* [Task to carry out]
This exercise calls for retyping every line below exactly, with the images omitted.

+++++

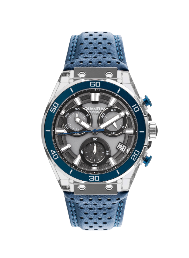 The Quantum PWG1107.369 is a men’s chronograph watch featuring a sleek grey dial with precise multifunction subdials.
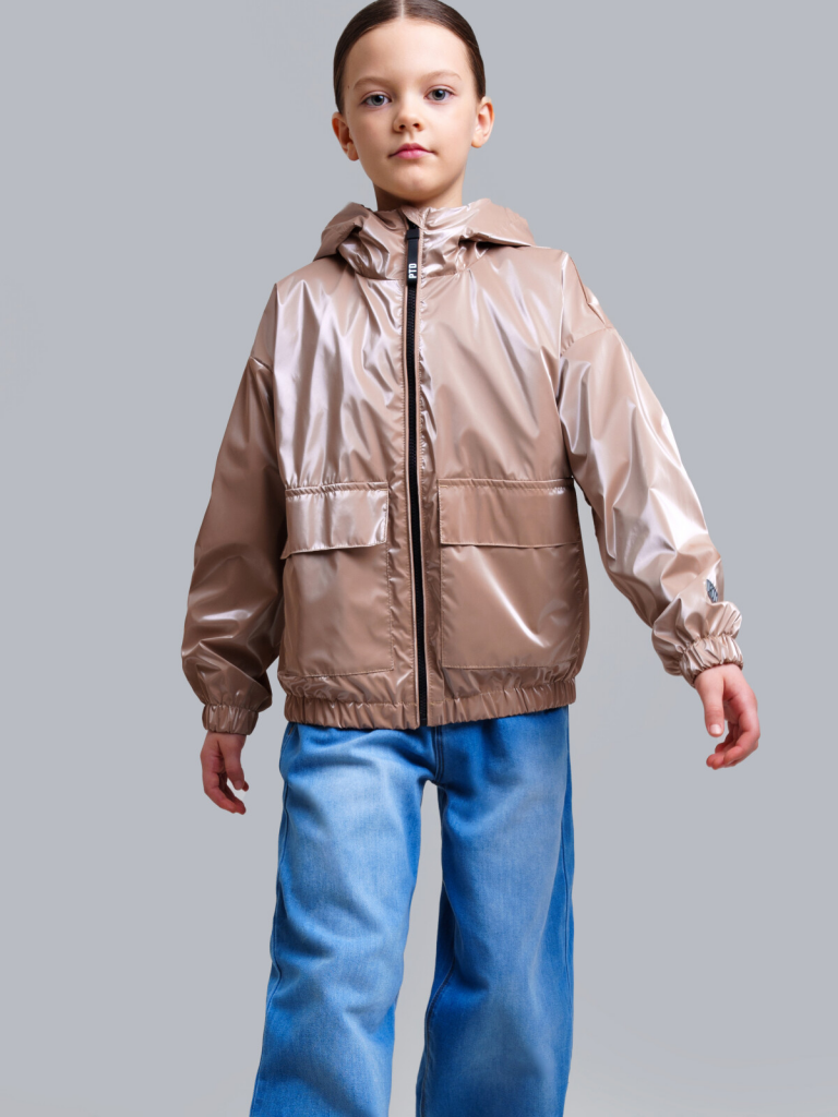 > Куртка текстильная с полиуретановым покрытием для девочек (ветровка) золотой
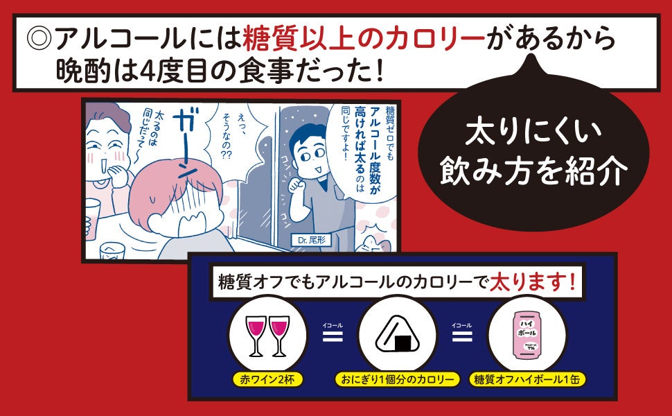 そこで本書では「家飲みなら」「飲み会なら」と、シーンごとのスマートな減酒のコツを、マンガと図版で解説。見るだけでわかるページ構成で紹介しています。
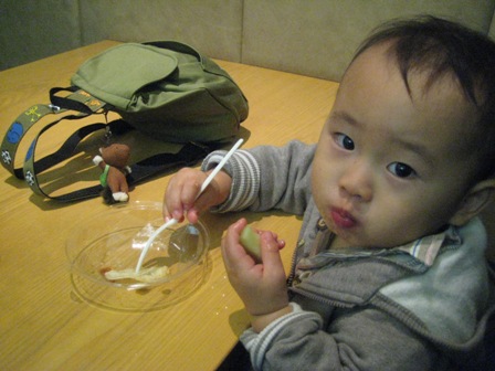 ほんと、ちょっと前まで泣いてたのがウソみたい。 先生に、「虹くん、おはよう~。」って言われて、自分から中に入っていったよ。 そして、2時間後にお迎え。 ママたちが戻ってきて、大泣きしている子もいれば、 ママに抱きついてくる子も。 虹は・・・マイペースに、おままごとして遊んでいました ![]() 帰りはみんな一緒なので、みんな集まって最後に先生からひとこと。 「今日のおやつはバナナを食べました。 このくらいの大きさ(1本の1/3くらい)のバナナ をあげて、多い子は4個も食べました~。 自分のお子さんはどのくらい食べたか、きっとお母さんは分かりますよね~。」 ・・・おそらく、4個食べたのは虹くんに違いない! 先生に聞いたら、やっぱりそうでした。 バナナに目が釘付けだったって ![]() 虹くんは、女の子と一緒に仲良く遊んでいたみたい。 先生から、「虹くん、優しいんですよ~。」って。 きっと、なでなで とかしてあげたのかな?帰りに虹くんとランチ。 今日から2泊、横浜のおうちにお泊りです。 じいじとばあばがお迎えにやってきました。 虹くん、またあさって。・・・行ってらっしゃい ![]() |
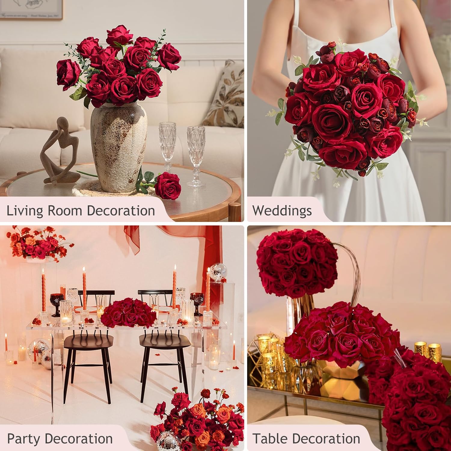 Alecono Red Roses 20Pcs - 4in Real Touch Artificial Roses, Velvet Soft Fake Flowers with Long Stems for Mother’s Day, Wedding Centerpieces, DIY Home Decor
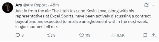 隨后美記Ary爆料,剛剛得到消息,猶他爵士隊(duì)與凱文-樂(lè)福及其所在的Excel Sports經(jīng)紀(jì)公司一直在積極商討合同解約的事宜,他們預(yù)計(jì)將在未來(lái)一周內(nèi)達(dá)成協(xié)議。

+++++

* [Answer space]
 The Quantum PWG1107.369 is a men’s chronograph watch featuring a sleek grey dial with precise multifunction subdials.
 > Куртка текстильная с полиуретановым покрытием для девочек (ветровка) золотой
 そこで本書では「家飲みなら」「飲み会なら」と、シーンごとのスマートな減酒のコツを、マンガと図版で解説。見るだけでわかるページ構成で紹介しています。
 ほんと、ちょっと前まで泣いてたのがウソみたい。 先生に、「虹くん、おはよう~。」って言われて、自分から中に入っていったよ。 そして、2時間後にお迎え。 ママたちが戻ってきて、大泣きしている子もいれば、 ママに抱きついてくる子も。 虹は・・・マイペースに、おままごとして遊んでいました ![]() 帰りはみんな一緒なので、みんな集まって最後に先生からひとこと。 「今日のおやつはバナナを食べました。 このくらいの大きさ(1本の1/3くらい)のバナナ をあげて、多い子は4個も食べました~。 自分のお子さんはどのくらい食べたか、きっとお母さんは分かりますよね~。」 ・・・おそらく、4個食べたのは虹くんに違いない! 先生に聞いたら、やっぱりそうでした。 バナナに目が釘付けだったって ![]() 虹くんは、女の子と一緒に仲良く遊んでいたみたい。 先生から、「虹くん、優しいんですよ~。」って。 きっと、なでなで とかしてあげたのかな?帰りに虹くんとランチ。 今日から2泊、横浜のおうちにお泊りです。 じいじとばあばがお迎えにやってきました。 虹くん、またあさって。・・・行ってらっしゃい ![]() |
 Alecono Red Roses 20Pcs - 4in Real Touch Artificial Roses, Velvet Soft Fake Flowers with Long Stems for Mother’s Day, Wedding Centerpieces, DIY Home Decor
 隨后美記Ary爆料,剛剛得到消息,猶他爵士隊(duì)與凱文-樂(lè)福及其所在的Excel Sports經(jīng)紀(jì)公司一直在積極商討合同解約的事宜,他們預(yù)計(jì)將在未來(lái)一周內(nèi)達(dá)成協(xié)議。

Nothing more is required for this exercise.